Math is a system of logic. The moment you introduce a nonsensical statement, you can prove anything, even that 1+1=0. That is why we must be very careful at each step of our work.
1/0 is nonsensical, so you can't use it as a basis of an argument, such as "since 0 is a common denominator".
• When finding the first derivative of this equation, how did Sal get by without using the quotient rule for the entire equation? Or the product rule(after converting it appropriately) on the entire equation?
• You have to take the derivatives of both the unctions independently. In the quotient rule f(x)/g(x) would be considered an entire function, changing the actual answer.
• So, wait at he got rid of a 1? How can he just remove a 1 that he was adding?
• It was +1 - 1 so he just canceled them out
• Why can´t we use L´Hôpital´s rule in indeterminate forms such as ∞-∞ ,+∞-∞, ∞+∞, ∞/0...(every other different than 0/0 and ∞/∞)?
• If you can convert the other forms into 0/0 and ∞/∞ forms (as is often done), AND after the conversion, your functions satisfy the other conditions regarding the application of L´Hôpital´s rule. then you can (indirectly) solve them!
• can L'Hopital's rule be applied as many times as we want ??
• Yes. Keep applying until you no longer get 0/0 or inf/inf.
• Isn`t it much more easier and fast @ not to use the product rule for 1/x (x-1), but instead to re-form it into just 1/x by opening the brackets and then just to derive this, which results in -x to the second, which is also one and the answer is still the same... or this is wrong by some reason?
• Yep, that's totally valid. It's faster your way.
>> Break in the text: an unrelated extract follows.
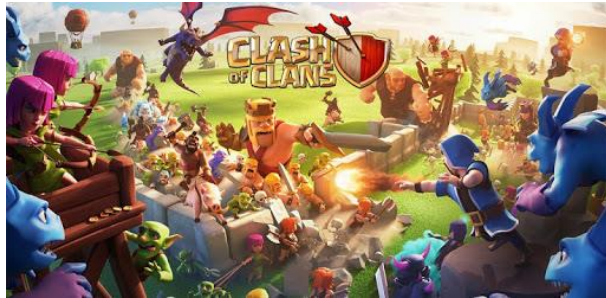
Screenshot 2: Clash of Clans Banner (Supercell)

Kontakte kann der Spieler natürlich auch eine Kreditkarte nehmen und eine Mikrotransaktion durchführen.

For those who don't understand his question, he's asking why Sal didn't distribute the 1/x into the (x-1), because that would make the derivation much easier.
(1 vote)
• At , how to get one over x? I don't know what he was doing here... Is it derivative of log x equals to one over x?
• Yes, the derivative of log u = du / u
(using natural logs, of course).
Note that you have to use the chain rule, so you must multiply (not divide) by the derivative of whatever you are taking the log of. For example:

Thus the derivative of log (7x²) = d(7x²) /(7x²) = 14x/(7x²) dx = 2/x dx
• At , Sal took the limit of an expression. It came out to 1/0. Fine. Then he simplified that expression and got 0/0. Weren't those two expressions equivalent to each other? If so, why wouldn't the limits be the same? By the same token, if the limits are different, doesn't that show that the expressions aren't really the same?
• It has to do with the idea of taking the LIMIT. The functions had different exact values at the number itself. The first was not even defined at that value (0/0). However, the functions still have the same LIMIT even though some of the functions do not exist at the exact point itself.
• why couldn't he separate the limit and then solve
lim(fx-gx) should equal lim(fx)-lim(gx)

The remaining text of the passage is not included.